The proposed WCC "guarantee" for up to $200,000 to the Wellington Marine Conservation Trust will be discussed at the Strategy and Policy Committee on May 11.
Dryden says it is unfair that the council fund the Wellington Marine Conservation Trust when Save The Point Inc are then forced to go to the community to raise money to resubmit their case at the second hearing.
Wellington Marine Conservation Trust submitted a new application for resource consent to construct the Marine Education Centre this week.
"How is that democratic?
"They are just trying to bleed us dry out here. Well they have a long way to go because we are bloody determined lot out here."
Dryden compares the new application for resource consent to trialling a court case twice.

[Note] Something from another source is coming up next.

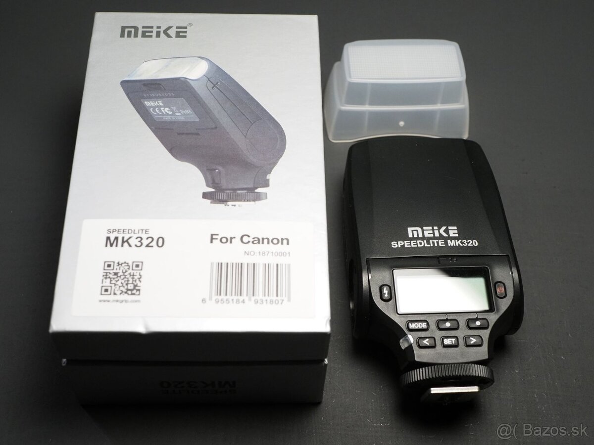 Darujem blesk Meike MK320 pre Canon. Zrejme umrela výbojka. LED osvetlenie funguje, aj display.

"If you don’t get the right answers from the jury the first time you get to pick another jury and try again and fix up your evidence a bit. It’s not really fair. What happened to natural justice? I think it is disgusting," Dryden says.
However Andy Foster, Strategy and Policy Committee councillor, says it is not unfair that the council – that appoints the commissioners who decide whether the centre goes ahead or not – part-fund the developers and not the opposition in the second hearing.
"We didn’t support Save The Point in the first place so I don’t really see what the difference is.
"The obvious reason (for the $200,000 proposal) is we support the Marine Education Centre to date and we have a most unusual situation with a hearing that has given a non-result. So we have to make a decision as to whether they need additional resources," Foster says.
Meanwhile the Environment Court has not yet ruled as to whether it accepts Save The Point Inc’s application that the first hearing was declined under the Local Government Act 2002 and that one of the commissioners was biased and should be retrospectively voted off.